From February 26 to March 1, Baha’is across Canada celebrate the festival of Ayyam-i-Ha. Ayyam-i-Ha is a time of gift-giving, hospitality, and charity. This joyful festival precedes the 19-day Baha’i month devoted to fasting, restraint, and spiritual introspection, at the end of the Baha’i calendar, from March 2nd to the 20th. The Baha’i New Year (Naw Ruz) is celebrated on March 21.
Ayyam-i-Ha is celebrated in many ways around the world. In Canada, one can expect to see gift exchanges between friends and family groups, large dinners, service projects, and parties for children. Many schools invite the parents of Baha’i children to present to their classes.

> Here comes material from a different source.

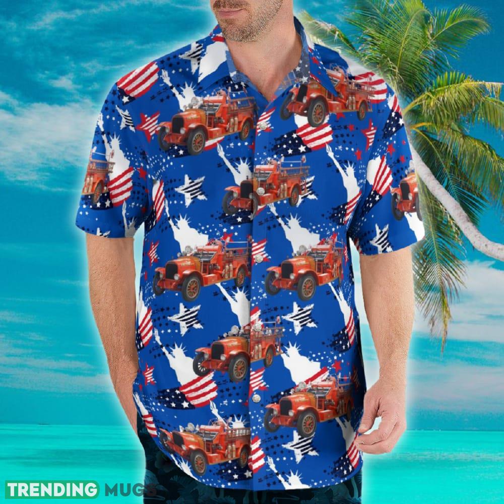 1923 La France Fire Engine 4th Of July Hawaiian Shirt Details:

In neighbourhoods across the country, groups of friends engaged in the community-building process promoted by Baha’is are finding, in the festival of Ayyam-i-Ha, a time to celebrate and strengthen their bonds of love and fellowship with neighbours.
In Winnipeg, for example, a recently arrived member of the community, Cedric Gaber, has found herself closely connected to more than a dozen families in her neighbourhood because of their Ayyam-i-Ha plans. “We are taking a small plant and a card for Ayyam-i-Ha to all the families connected to the activities in our neighbourhood, and taking this opportunity to visit and get to know each other.”

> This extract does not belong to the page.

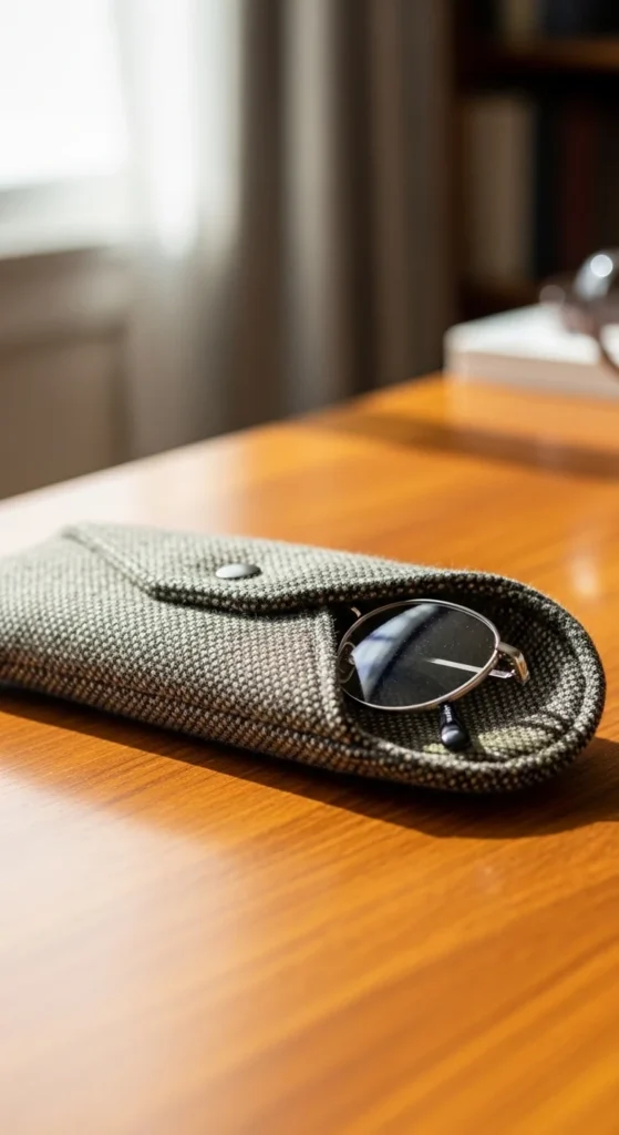 A fabric glasses case protects Dad’s reading glasses from scratches.

Across the Lower Mainland, an area that includes Vancouver and the surrounding region, the social media feeds of many Baha’i youth are filling up with joyous, song-filled celebrations, of the preparation of care packages for the needy and of gifts for friend, of families decorating their homes with colourful banners and lights, amongst a range of posts that document some of their efforts to show their love, undertake charitable acts, and make an extra effort to extend their hospitality to friends and neighbours.

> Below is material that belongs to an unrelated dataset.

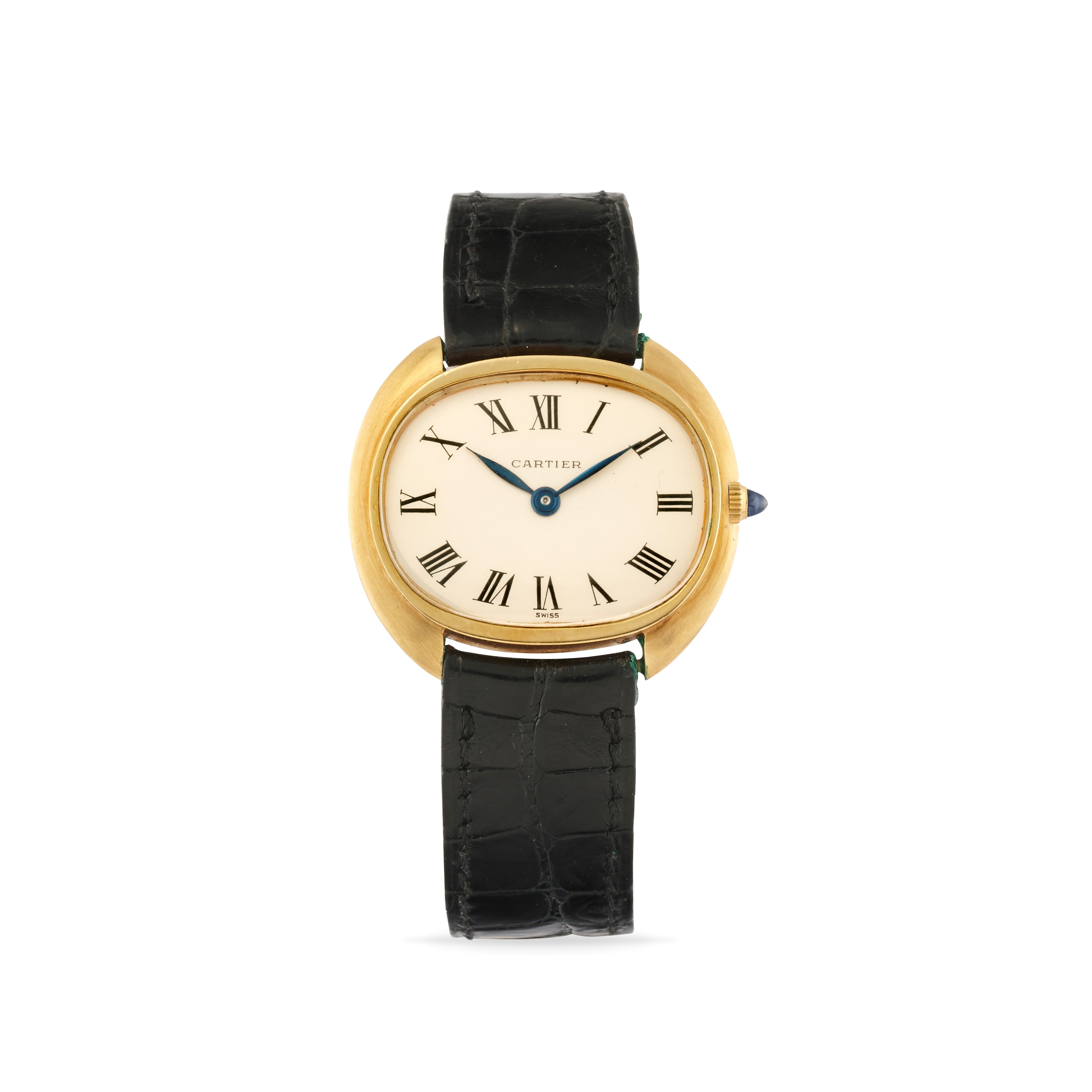 Cinturino in pelle e fibbia deployante Cartier in oro 18k.

Ayyam-i-Ha is a unique aspect of the Baha’i calendar, which is comprised of 19 months, each with 19 days. The four (or on leap year, five) days that remain are called the “Ayyam-i-Ha” - an Arabic phrase meaning “days of Ha”. These days hold a special significance in the Baha’i calendar as days that represent the transcendence of God. Every other month in the Badi calendar has an attribute of God associated with it, such as “Knowledge”, “Glory”, or “Power”. In the Arabic language, the word “Ha” bears a special relationship to God’s unknowable essence, or that part of Him that is beyond names or attributes.